Marie Barbier : « Les clés du management horizontal : l’humilité et la confiance »

Marie Barbier

Marie Barbier

Marie Barbier n’a que 37 ans mais a déjà eu plusieurs vies. D’abord journaliste à L’Express, elle a ensuite travaillé comme agent de freelances, puis dans le secteur de la publicité avant de se former au coaching. En 2012, elle décide de rejoindre une aventure entrepreneuriale : Bureaux À Partager (BAP), fondé par son ami Clément Alteresco.
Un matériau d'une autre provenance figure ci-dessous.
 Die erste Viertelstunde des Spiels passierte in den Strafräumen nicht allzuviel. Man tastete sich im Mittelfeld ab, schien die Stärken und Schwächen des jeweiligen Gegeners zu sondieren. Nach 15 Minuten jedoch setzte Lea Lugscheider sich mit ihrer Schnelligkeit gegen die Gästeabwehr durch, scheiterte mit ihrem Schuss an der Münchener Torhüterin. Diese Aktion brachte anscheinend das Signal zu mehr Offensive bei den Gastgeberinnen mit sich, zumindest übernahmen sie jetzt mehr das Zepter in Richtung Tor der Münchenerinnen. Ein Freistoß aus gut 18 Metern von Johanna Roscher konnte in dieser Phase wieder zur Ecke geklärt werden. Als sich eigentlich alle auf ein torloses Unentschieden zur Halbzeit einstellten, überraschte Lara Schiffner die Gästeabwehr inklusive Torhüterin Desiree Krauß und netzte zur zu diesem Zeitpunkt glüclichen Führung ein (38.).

Mais cette serial switcheuse ne s’est pas arrêtée là : de directrice de la communication, elle est devenue DRH il y a tout juste un an au sein de BAP. Elle nous parle de management horizontal, des aspirations des jeunes diplômés et d’un étrange système, les « BIAPS ».

BRAINLINKS : Quelle est la genèse de Bureaux À Partager ?
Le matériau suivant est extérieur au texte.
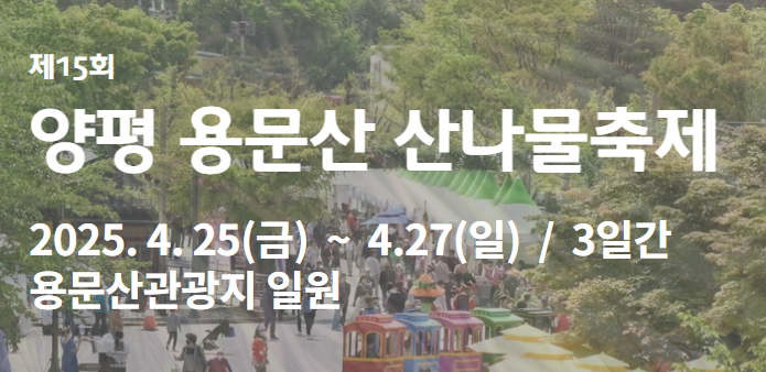 싱그러운 봄, 자연이 주는 최고의 선물! 양평 용문산 산나물 축제가 2025년 4월 25일부터 27일까지 3일간 개최됩니다. 직접 수확한 신선한 산나물을 맛보고, 다양한 체험 프로그램까지 즐길 수 있는 최고의 봄 축제인데요. 이 축제는 2025년 경기대표관광축제로 선정될 만큼 인기 있는 행사입니다
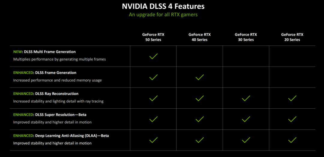 上面关于超分和光线重建的升级适用于所有RTX显卡,其中RTX 40系可以使用全新的DLSS 3帧生成模型,只是无法使用多帧生成,RTX 50系则可以使用全新的多帧生成模型。
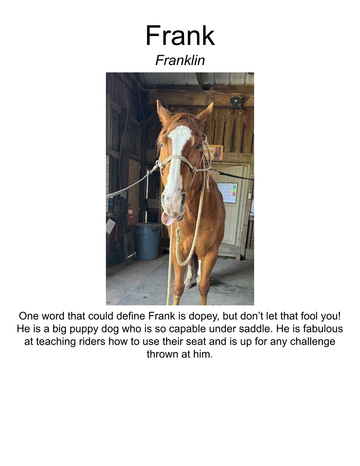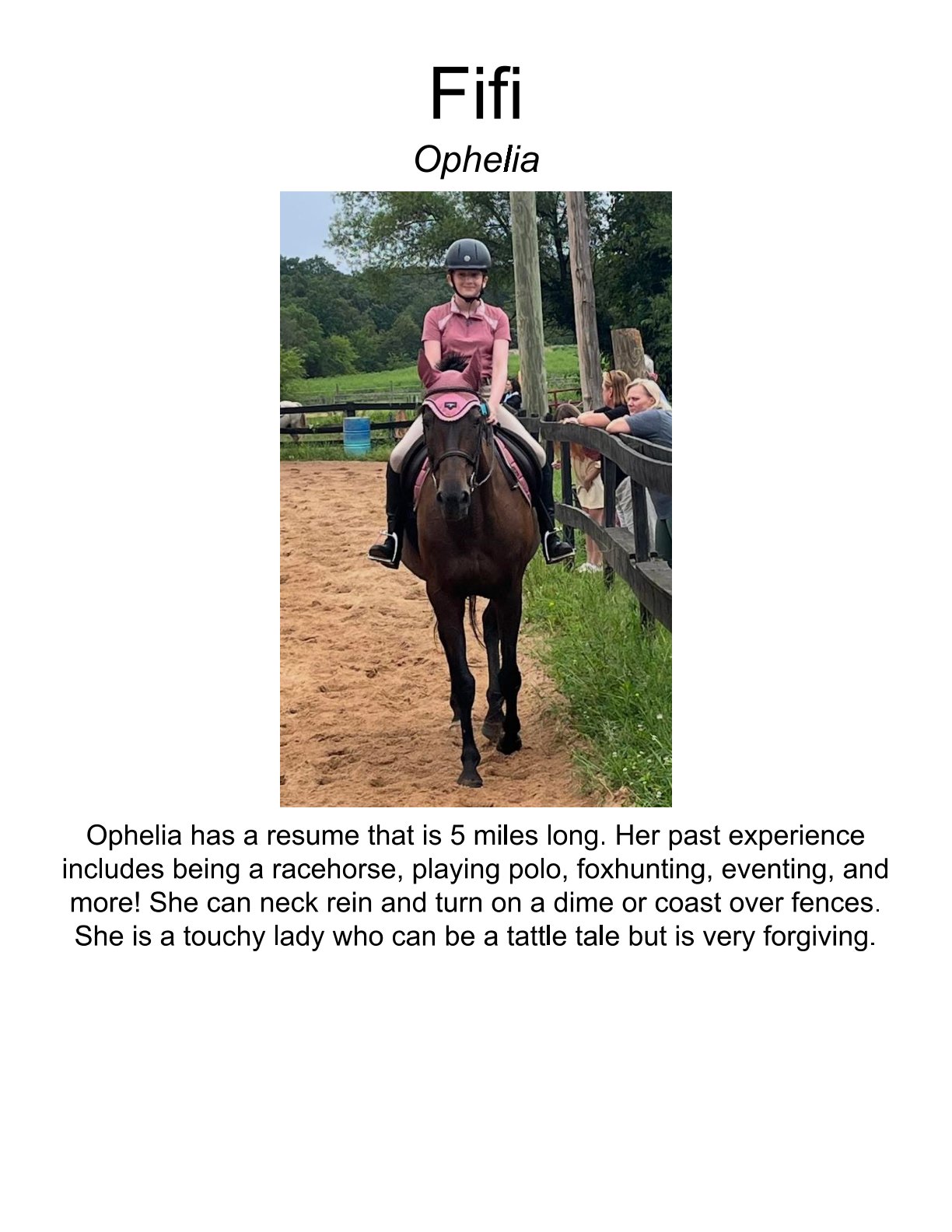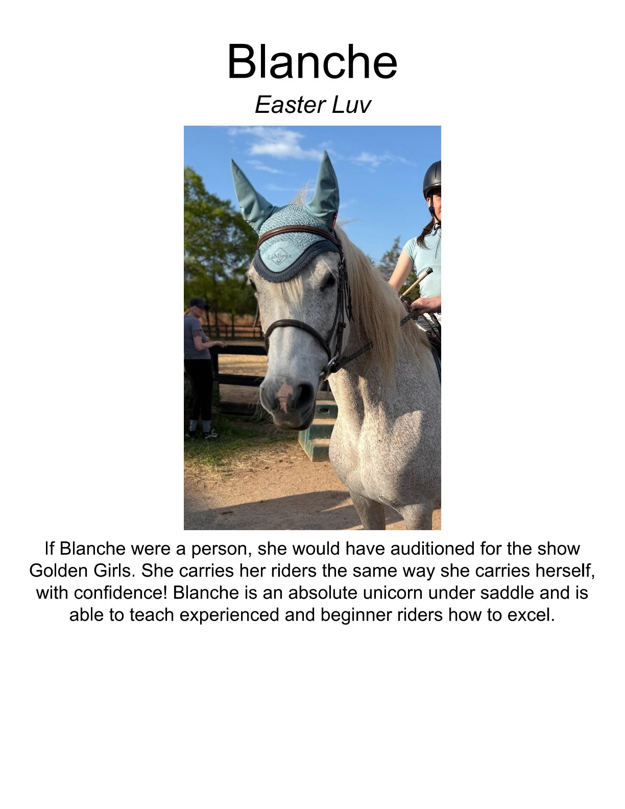 Please arrive in a timely manner for your lesson wearing long pants and a heeled boot or shoe.

MARIE BARBIER : Clément, notre CEO, travaillait chez Fabernovel en 2007. L’entreprise grossissant, il a fallu penser à déménager. La direction a choisi d’anticiper la croissance et a donc pris des bureaux sur deux étages, alors que Fabernovel n’avait besoin que d’un ½ étage. Pour trouver des collocs, Clément est allé sur internet et a cherché « collocation bureaux entreprises » : il n’a rien trouvé ! Il a ainsi eu l’idée de créer un site, qui s’appelait déjà à l’époque Bureaux À Partager, pour aider les entrepreneurs à se rencontrer. On était en 2007 et le site a vécu tout seul jusqu’en 2012. Clément, de son côté, est parti développer Fabernovel à San Francisco. Pour ça, il a monté un espace de coworking, Parisoma. En rentrant en France, il s’est dit que c’était le moment de reprendre Bureaux À Partager : AirBnB, Le Bon Coin, tous les sites d’économie collaborative commençaient à cartonner. A l’été 2012, on a excubé BAP de Fabernovel, on a refait intégralement le site et on a trouvé un business model. J’étais la première employée, je m’occupais de la communication et Clément, du développement commercial. En avril 2013, on était 4, avec une stagiaire et un développeur. Aujourd’hui, on est 46, et on développé trois business : le site BAP et ses 3 000 annonces de location de bureaux/salles de réunion, la gestion d’espaces de coworking avec 12 espaces dans Paris et proche banlieue, et un logiciel de gestion de ces espaces de coworking.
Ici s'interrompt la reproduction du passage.